Write out only the lines from the top of the listing below through the one with "- Wyposażona wewnątrz", exactly as they stand, while keeping pictures out of the copy.
Segment Open
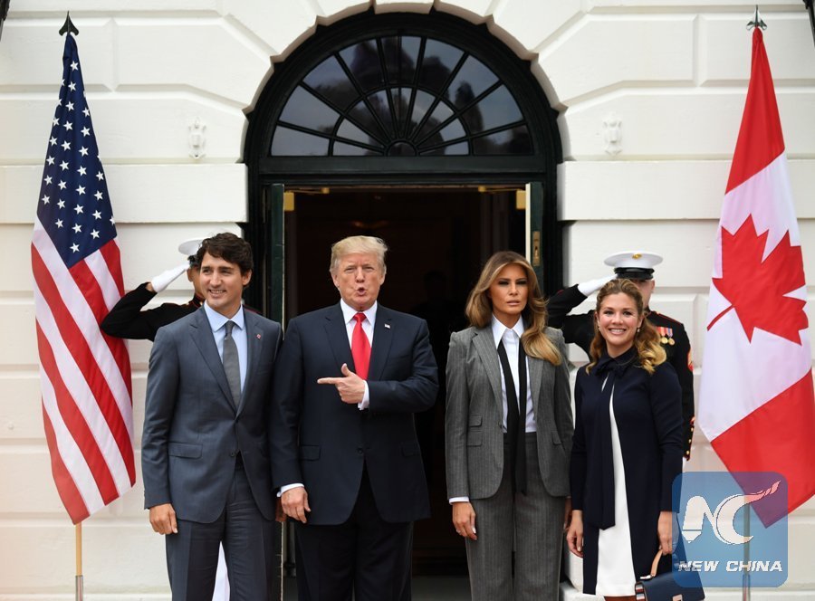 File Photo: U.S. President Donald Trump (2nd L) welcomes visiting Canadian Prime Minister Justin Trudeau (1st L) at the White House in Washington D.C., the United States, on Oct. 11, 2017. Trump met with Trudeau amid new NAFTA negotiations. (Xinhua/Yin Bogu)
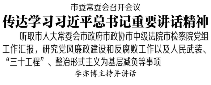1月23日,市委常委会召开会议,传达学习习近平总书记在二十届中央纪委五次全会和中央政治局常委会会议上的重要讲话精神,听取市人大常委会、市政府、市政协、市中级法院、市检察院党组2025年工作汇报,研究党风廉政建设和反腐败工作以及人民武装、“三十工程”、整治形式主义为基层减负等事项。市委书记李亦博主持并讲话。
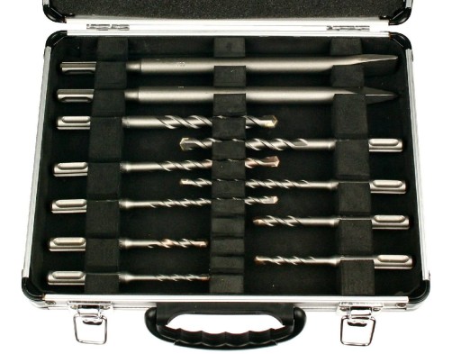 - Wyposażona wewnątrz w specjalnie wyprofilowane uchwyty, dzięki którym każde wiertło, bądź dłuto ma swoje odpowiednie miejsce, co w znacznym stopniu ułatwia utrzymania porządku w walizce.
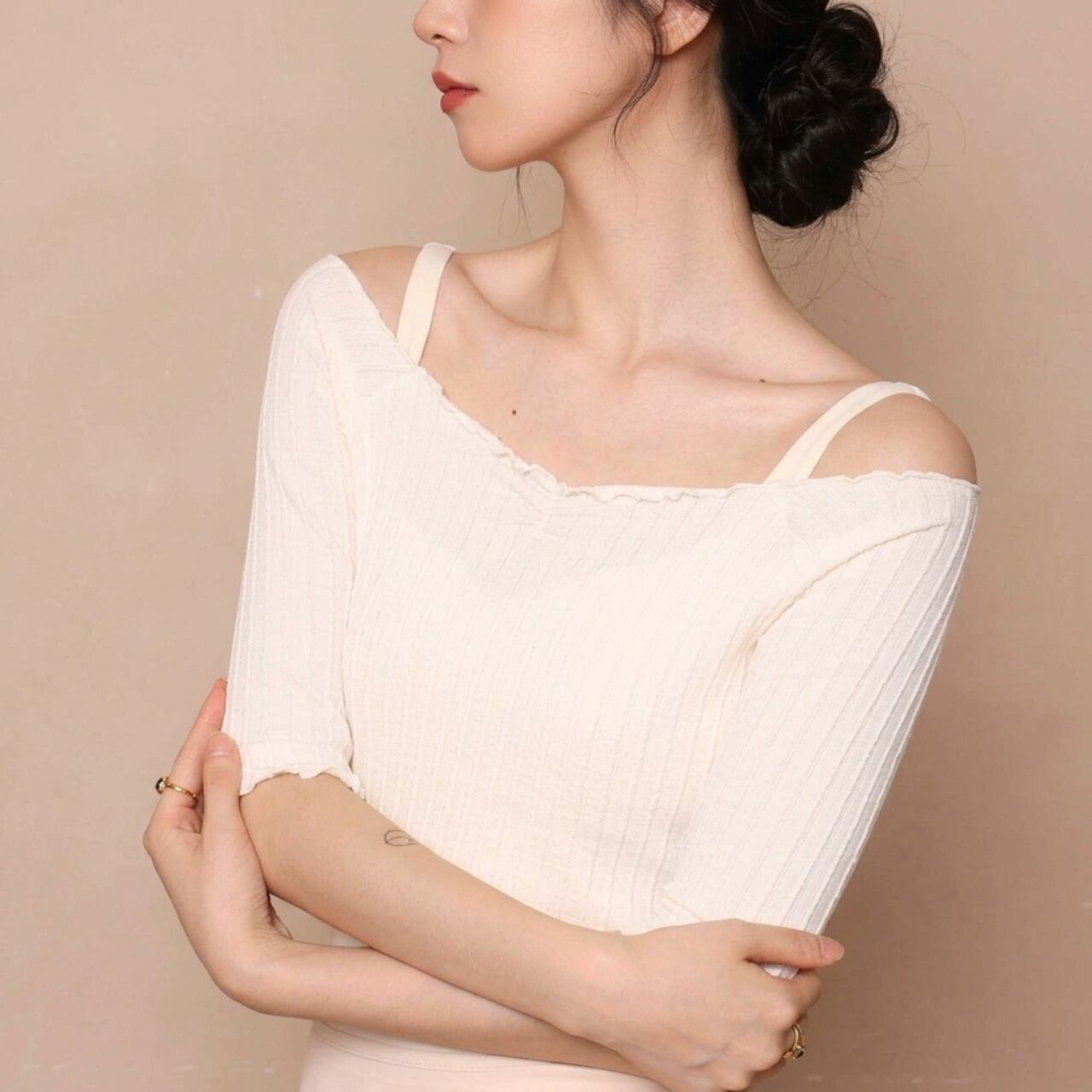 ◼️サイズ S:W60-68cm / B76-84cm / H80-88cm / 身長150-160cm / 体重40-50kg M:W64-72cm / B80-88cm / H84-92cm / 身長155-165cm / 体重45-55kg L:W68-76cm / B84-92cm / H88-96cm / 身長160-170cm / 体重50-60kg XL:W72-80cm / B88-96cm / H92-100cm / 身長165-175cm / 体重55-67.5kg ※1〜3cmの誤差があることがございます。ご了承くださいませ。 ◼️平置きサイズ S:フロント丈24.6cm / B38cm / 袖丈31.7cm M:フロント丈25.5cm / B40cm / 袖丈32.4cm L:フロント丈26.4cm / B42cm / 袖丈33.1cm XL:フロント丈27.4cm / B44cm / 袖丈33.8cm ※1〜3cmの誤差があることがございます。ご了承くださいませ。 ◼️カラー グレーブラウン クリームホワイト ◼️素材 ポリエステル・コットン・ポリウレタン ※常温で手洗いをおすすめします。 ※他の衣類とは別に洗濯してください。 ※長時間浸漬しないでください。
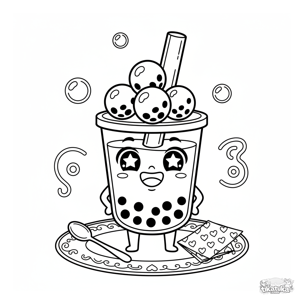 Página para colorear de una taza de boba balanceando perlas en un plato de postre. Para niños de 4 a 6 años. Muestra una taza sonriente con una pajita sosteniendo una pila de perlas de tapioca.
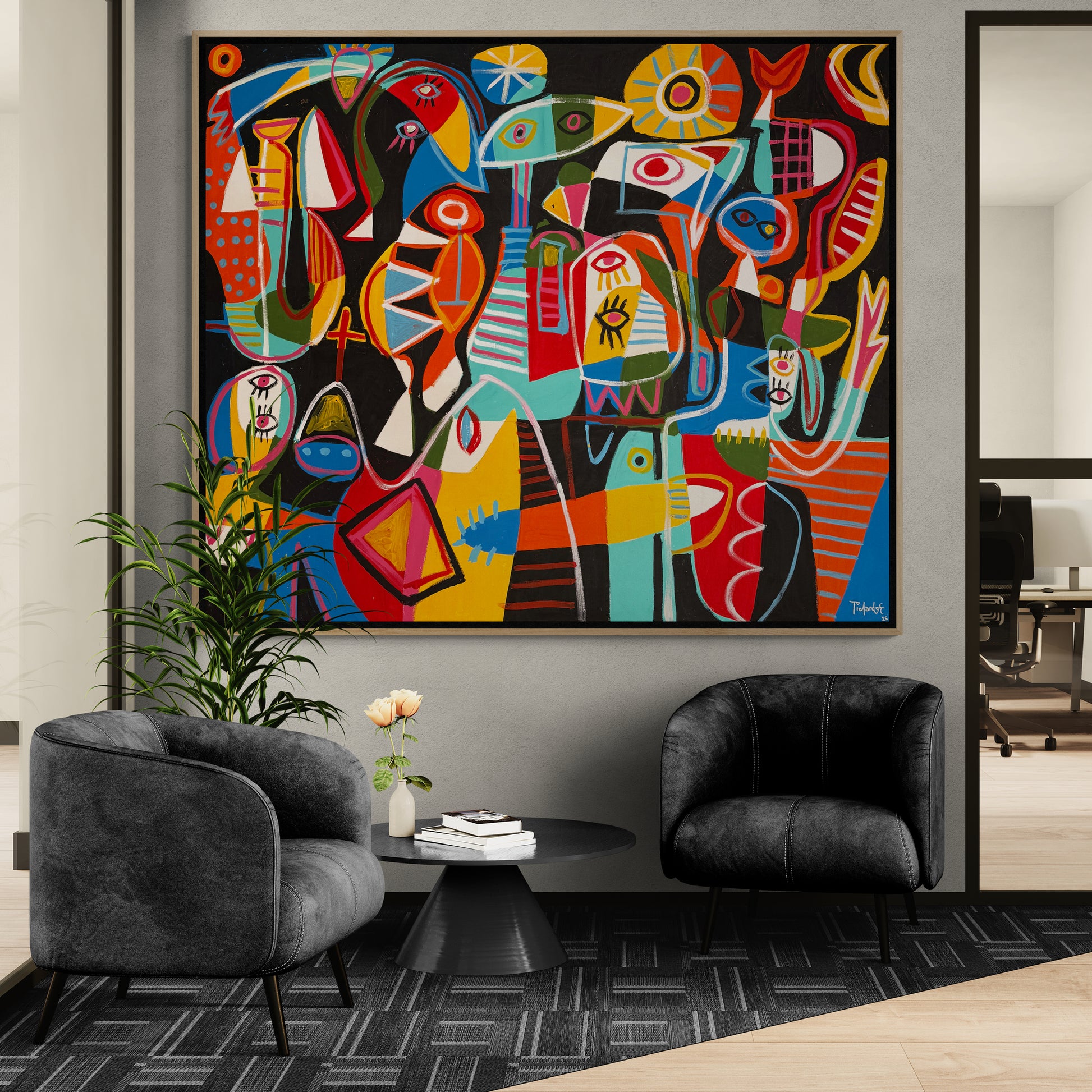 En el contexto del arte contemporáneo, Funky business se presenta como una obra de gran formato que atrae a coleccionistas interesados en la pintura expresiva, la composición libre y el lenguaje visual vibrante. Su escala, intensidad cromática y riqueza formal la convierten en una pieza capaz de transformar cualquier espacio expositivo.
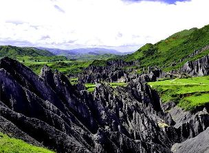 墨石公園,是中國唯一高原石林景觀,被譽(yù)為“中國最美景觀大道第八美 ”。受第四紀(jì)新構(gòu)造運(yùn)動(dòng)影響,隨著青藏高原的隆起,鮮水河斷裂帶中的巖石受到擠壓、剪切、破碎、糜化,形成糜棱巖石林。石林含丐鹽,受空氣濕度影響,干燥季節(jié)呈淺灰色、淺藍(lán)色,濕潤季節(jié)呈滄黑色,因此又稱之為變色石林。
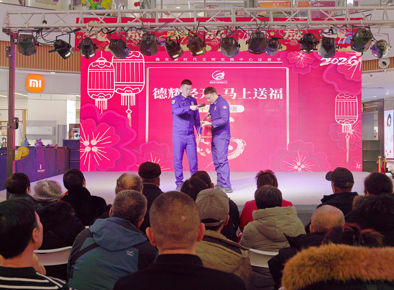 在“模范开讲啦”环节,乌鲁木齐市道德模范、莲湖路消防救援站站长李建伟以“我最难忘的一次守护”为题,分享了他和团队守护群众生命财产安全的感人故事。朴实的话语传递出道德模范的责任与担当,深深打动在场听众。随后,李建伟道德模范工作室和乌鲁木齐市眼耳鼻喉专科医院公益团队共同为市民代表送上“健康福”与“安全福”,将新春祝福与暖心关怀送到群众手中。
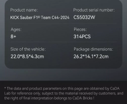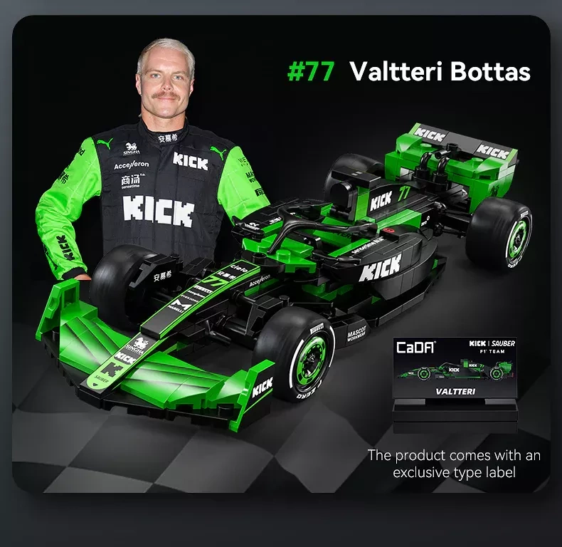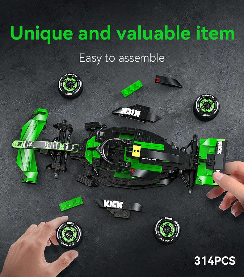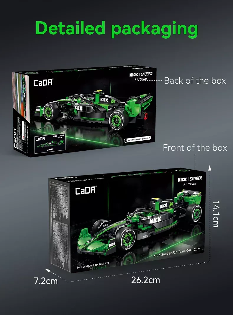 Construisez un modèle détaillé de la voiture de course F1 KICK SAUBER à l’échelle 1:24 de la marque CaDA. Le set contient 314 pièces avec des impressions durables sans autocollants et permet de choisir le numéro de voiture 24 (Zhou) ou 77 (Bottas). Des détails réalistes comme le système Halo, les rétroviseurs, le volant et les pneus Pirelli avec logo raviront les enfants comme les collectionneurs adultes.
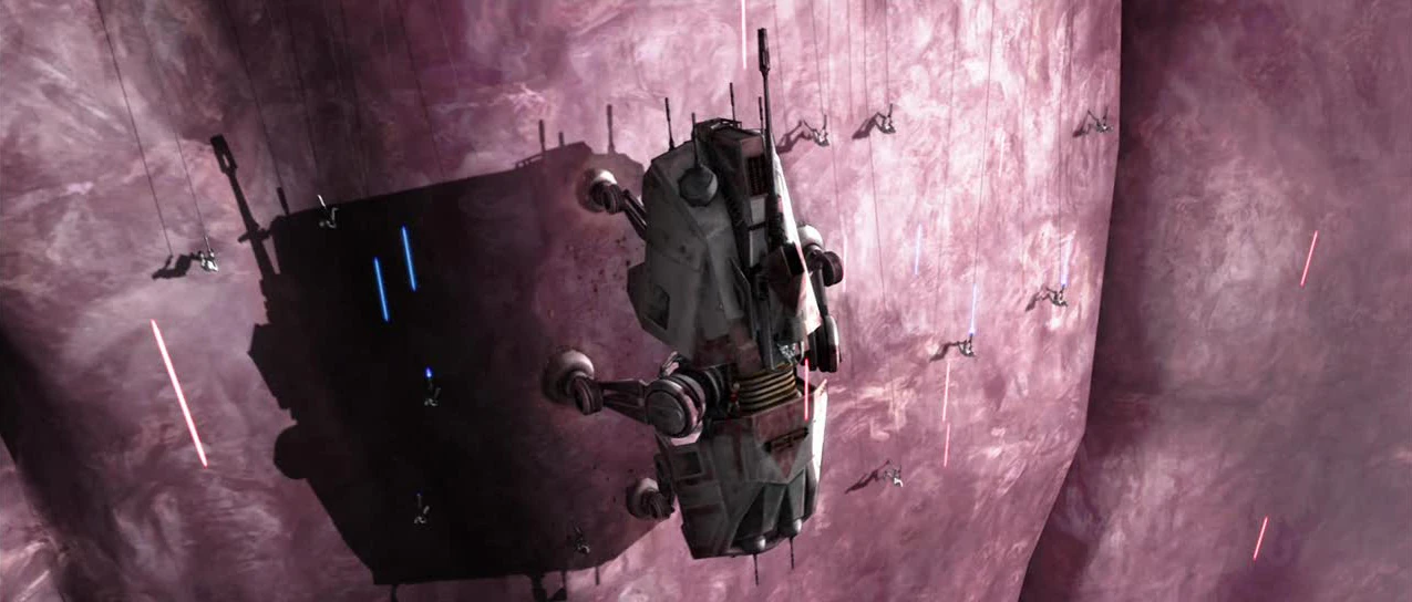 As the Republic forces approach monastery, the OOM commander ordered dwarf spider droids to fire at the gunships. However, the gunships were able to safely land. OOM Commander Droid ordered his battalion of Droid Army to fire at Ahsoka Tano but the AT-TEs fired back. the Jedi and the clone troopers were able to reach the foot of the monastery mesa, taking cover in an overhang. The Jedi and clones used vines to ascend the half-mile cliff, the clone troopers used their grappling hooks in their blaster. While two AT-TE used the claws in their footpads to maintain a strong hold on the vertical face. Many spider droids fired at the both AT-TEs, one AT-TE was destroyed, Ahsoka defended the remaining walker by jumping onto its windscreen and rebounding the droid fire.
Segment Closed
**Answer to this problem**
 File Photo: U.S. President Donald Trump (2nd L) welcomes visiting Canadian Prime Minister Justin Trudeau (1st L) at the White House in Washington D.C., the United States, on Oct. 11, 2017. Trump met with Trudeau amid new NAFTA negotiations. (Xinhua/Yin Bogu)
1月23日,市委常委会召开会议,传达学习习近平总书记在二十届中央纪委五次全会和中央政治局常委会会议上的重要讲话精神,听取市人大常委会、市政府、市政协、市中级法院、市检察院党组2025年工作汇报,研究党风廉政建设和反腐败工作以及人民武装、“三十工程”、整治形式主义为基层减负等事项。市委书记李亦博主持并讲话。
 - Wyposażona wewnątrz w specjalnie wyprofilowane uchwyty, dzięki którym każde wiertło, bądź dłuto ma swoje odpowiednie miejsce, co w znacznym stopniu ułatwia utrzymania porządku w walizce.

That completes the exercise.